M. Jean Arthuis. - Notre préoccupation depuis plusieurs années en ce qui concerne les engagements hors bilan est renforcée par des constats sur certaines pratiques du monde de l'entreprise. L'ingénierie financière de certaines entreprises avait comme objectif de dissimuler leur endettement.

M. Philippe Marini, président. - Cachez cette dette que je ne saurais voir !

M. Jean Arthuis. - C'est ce qu'on appelle des financements innovants, auxquels il a été fait recours pour sauver les apparences que la France tenait ses engagements au niveau européen. On observe une tendance des Etats à dissimuler leur situation réelle, le cas extrême étant bien sûr celui de la Grèce.

M. Philippe Marini, président. - Le premier gouvernement Berlusconi avait aussi été très fort !

M. Jean Arthuis. - Un gouvernement peut avoir tendance, plutôt que d'investir dans la réalisation d'un commissariat de police, à souscrire un bail emphytéotique, alors qu'une telle opération plombe les budgets de l'Etat pour quinze ans.

M. Philippe Marini, président. - J'invite Raoul Briet, président de la première chambre, à répondre globalement aux questions de nos collègues.

M. Raoul Briet. - En réponse à Jean-Claude Frécon, la question de la responsabilité de l'Etat sur les litiges fiscaux éventuels, ainsi que la destruction de munitions et le changement de destination de sites militaires, correspondent à des travaux en cours dans le cadre de la certification des comptes. S'agissant des litiges fiscaux, nos progrès nous conduisent à espérer déboucher assez rapidement.

Sur la question du rapport rendement-risque évoqué par François Marc, il s'agit d'un sujet difficile qui renvoie à l'extrême hétérogénéité des engagements hors bilan, dont l'augmentation de l'encours ne se traduit pas nécessairement par un risque accru. Pour répondre également à Marie-Hélène Des Esgaulx, il ne faut pas seulement regarder l'ensemble de la commode, mais tirer chacun de ses tiroirs particuliers.

Ainsi, l'augmentation des engagements de retraite ne se traduit pas corrélativement par une hausse des risques qui s'y attachent. De même, certaines garanties présentent un caractère assurantiel. Je pense notamment au dispositif de la COFACE, qui apporte une garantie quasi systémique. La garantie de protection des épargnants a aussi pour vocation à ne pas être mise en oeuvre. Nous constatons donc une hétérogénéité des fonctions économiques qui s'attachent aux mécanismes de garantie, ce qui ne permet pas un traitement homogène.

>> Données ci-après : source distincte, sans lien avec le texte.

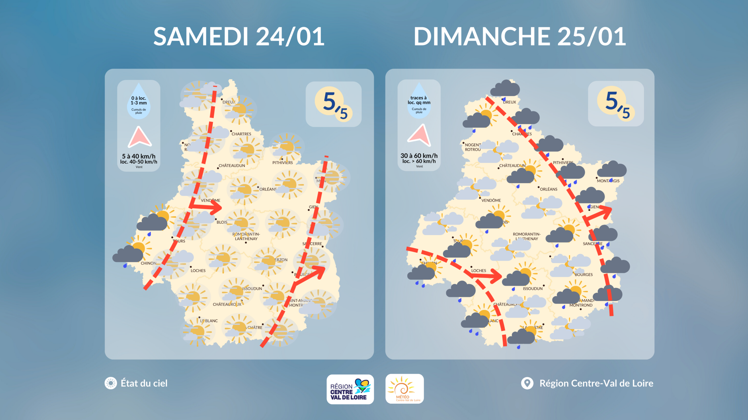 Etat du ciel en région Centre - Val de Loire prévu dans l'après-midi de ce samedi 24 et ce dimanche 25 janvier 2026 (copyright : Association Météo Centre - Val de Loire).
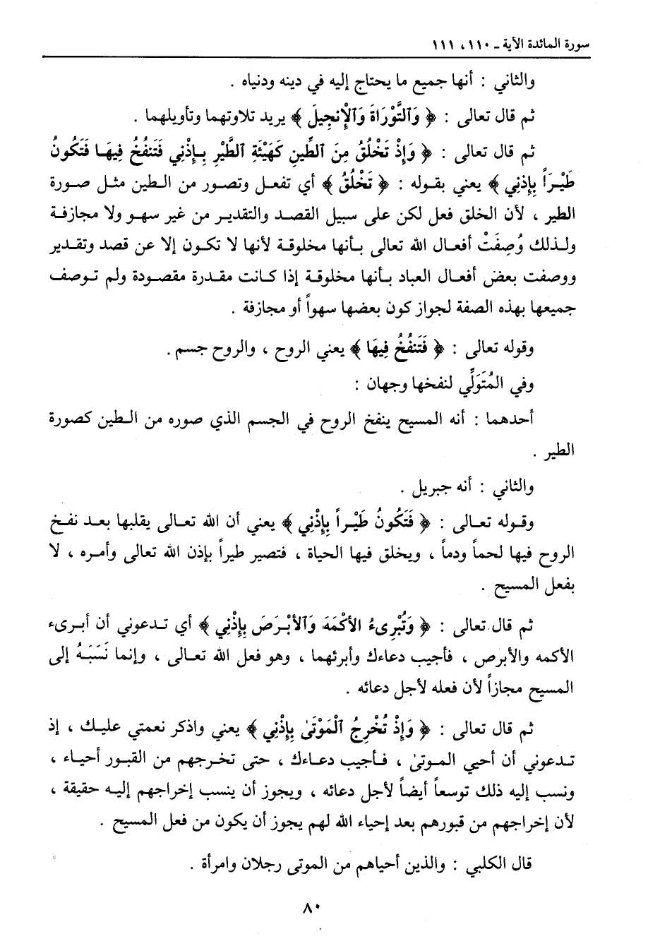 والثاني: أنها جميع ما يحتاج إليه في دينه ودنياه. ثم قال تعالى: {وَالتَّوْرَاةَ وَالإِنْجِيلَ} يريد تلاوتهما وتأويلهما. ثم قال تعالى: {وَإِذْ تَخْلُقُ مِنَ الطِّينِ كَهَيْئَةِ الطَّيْرِ بِإِذْنِي فَتَنفُخُ فِيهَا فَتَكُونَ طَيْرَاً بِإِذنِي} يعني بقوله: {تَخْلُقُ} أي تفعل وتصور من الطين مثل صورة الطير , لأن الخلق فعل لكن على سبيل القصد والتقدير من غير سهو ولا مجازفة ولذلك وُصِفَتْ أفعال الله تعالى بأنها مخلوقة لأنها لا تكون إلا عن قصد وتقدير ووصفت بعض أفعال العباد بأنها مخلوقة إذا كانت مقدرة مقصودة ولم توصف جميعها بهذه الصفة لجواز كون بعضها سهواً أو مجازفة. وقوله تعالى: {فَتَنفُخُ فِيهَا} يعني الروح , والروح جسم. وفي المُتَوَلِّي لنفخها وجهان: أحدهما: أنه المسيح ينفخ الروح في الجسم الذي صوره من الطين كصورة الطير. والثاني: أنه جبريل. وقوله تعالى: {فَتَكُونُ طَيْراً بِإِذْنِي} يعني أن الله تعالى يقلبها بعد نفخ الروح فيها لحماً ودماً , ويخلق فيها الحياة , فتصير طيراً بإذن الله تعالى وأمره , لا بفعل المسيح. ثم قال تعالى: {وَتُبْرِىءُ الأكْمَهَ وَالأَبْرَصَ بِإِذْنِي} أي تدعوني أن أبرىء الأكمه والأبرص , فأجيب دعاءك وأبرئهما , وهو فعل الله تعالى , وإنما نَسَبَهُ إلى المسيح مجازاً لأن فعله لأجل دعائه. ثم قال تعالى: {وَإِذْ تُخْرِجُ الْمَوْتَى بِإِذْنِي} يعني واذكر نعمتي عليك , إذ تدعوني أن أحيي الموتى , فأجيب دعاءك , حتى تخرجهم من القبور أحياء , ونسب إليه ذلك توسعاً أيضاً لأجل دعائه , ويجوز أن ينسب إخراجهم إليه حقيقة , لأن إخراجهم من قبورهم بعد إحياء الله لهم يجوز أن يكون من فعل المسيح. قال الكلبي: والذين أحياهم من الموتى رجلان وامرأة.
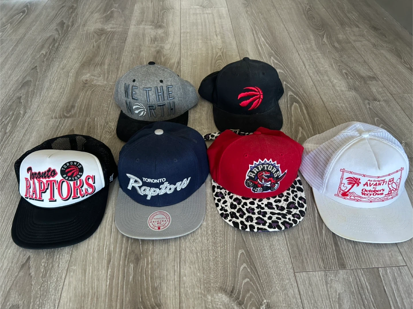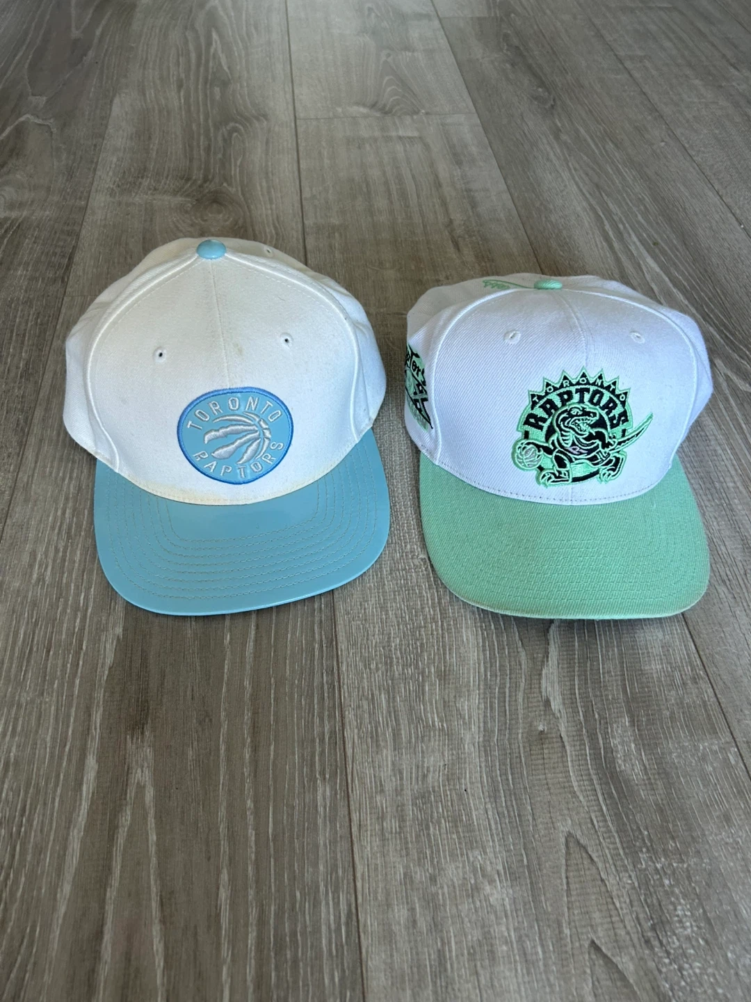 Selling Toronto Raptors hats! There's a variety of styles and designs. One of the hats is a Mitchell & Ness brand. Perfect for any Raptors fan!
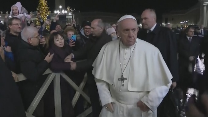 After slapping her hand several times, the Pope freed himself of her grip. The usually serene Francis scowled as he walked away.
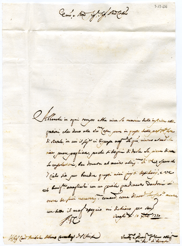 Lettera di Mattia vescovo di Venafro al cardinale Annibale Albani (1730 dicembre 10)
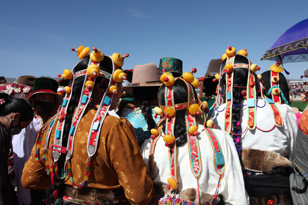 藏族婦女發(fā)飾因地域之別而顯得豐富多彩。西藏部分地方的婦女喜戴巴珠,拉薩附近的婦女所戴三角形巴珠,平系與頭頂,兩枝向前,將分梳的兩條發(fā)辮分別盤在兩枝上。日喀則、江孜一帶的婦女戴弓形巴珠,弓背向上,梳成多條的發(fā)辮分別掛在弓的兩端。貴重的巴珠上面鑲有珊瑚、瑪瑙等,顯得富麗堂皇。姑娘一戴巴珠,就意為著長大成人,因此,第一次戴巴珠時(shí),家中要為姑娘舉行傳統(tǒng)的成人儀式。
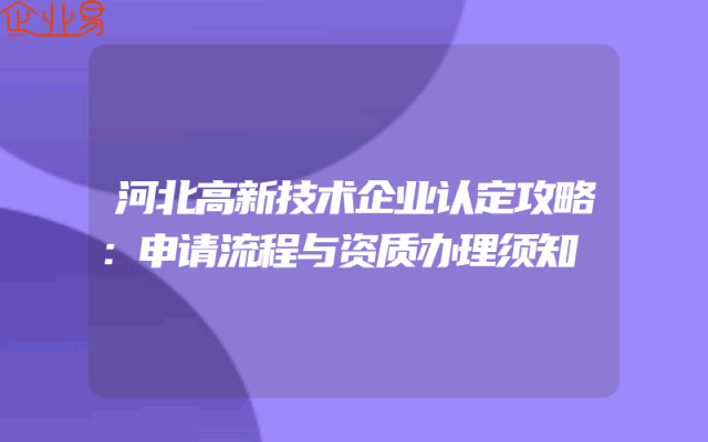 - 河北高新技术企业认定攻略:申请流程与资质办理须知

M. Jean Arthuis. - A la Caisse des dépôts et consignations (CDC), la question s'est posée de faire apparaître ou non dans le bilan ces fonds détenus pour le compte de l'Etat, et pour lesquels la Caisse détient un mandat public pour en assurer la gestion. Ils relèvent plus du patrimoine de l'Etat que de celui de la Caisse des dépôts et consignations.

M. Philippe Marini, président. - Ces éléments sont donc bien traités en engagements hors bilan de l'Etat.

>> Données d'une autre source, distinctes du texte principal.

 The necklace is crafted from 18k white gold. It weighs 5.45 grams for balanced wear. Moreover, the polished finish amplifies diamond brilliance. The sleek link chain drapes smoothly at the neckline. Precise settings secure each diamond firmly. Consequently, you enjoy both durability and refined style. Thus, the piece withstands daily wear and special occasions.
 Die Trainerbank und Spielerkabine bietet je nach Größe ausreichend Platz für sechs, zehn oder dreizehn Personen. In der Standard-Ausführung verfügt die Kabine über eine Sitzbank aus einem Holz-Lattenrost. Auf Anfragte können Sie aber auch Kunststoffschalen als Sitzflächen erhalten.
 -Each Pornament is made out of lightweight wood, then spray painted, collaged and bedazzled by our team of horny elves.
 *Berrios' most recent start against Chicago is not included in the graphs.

M. Raoul Briet. - Ils figurent bien dans le compte général de l'Etat. Au demeurant, pendant plusieurs années et jusqu'en 2016, la capacité de l'Etat à prélever sur la trésorerie sera considérablement affectée par la nécessité de satisfaire les exigences de fonds propres, conformément aux règles prudentielles des fonds d'épargne. Cette source de recettes va donc mécaniquement se tarir, afin de renforcer la sécurité à proprement parler des fonds d'épargne et d'éviter la mise en jeu du mécanisme de garantie.

En réponse à Jean Arthuis, s'agissant d'Eurostat, l'un des enjeux est de pouvoir faire prendre en compte la nécessité de l'harmonisation des données comptables par le conseil Ecofin, où sont traitées les politiques budgétaires. Il faut susciter l'intérêt stratégique des décideurs en charge de la surveillance macroéconomique et budgétaire à se servir de données homogènes entre tous les Etats.

En ce qui concerne les engagements hors bilan des organismes de la sécurité sociale, un débat est en cours au sein du Conseil de normalisation des comptes publics présidé par Michel Prada, qui a bon espoir de le voir aboutir, alors que les positions sur cette question sont particulièrement tranchées. Pour les collectivités territoriales, la difficulté porte sur l'agrégation de leur hors bilan.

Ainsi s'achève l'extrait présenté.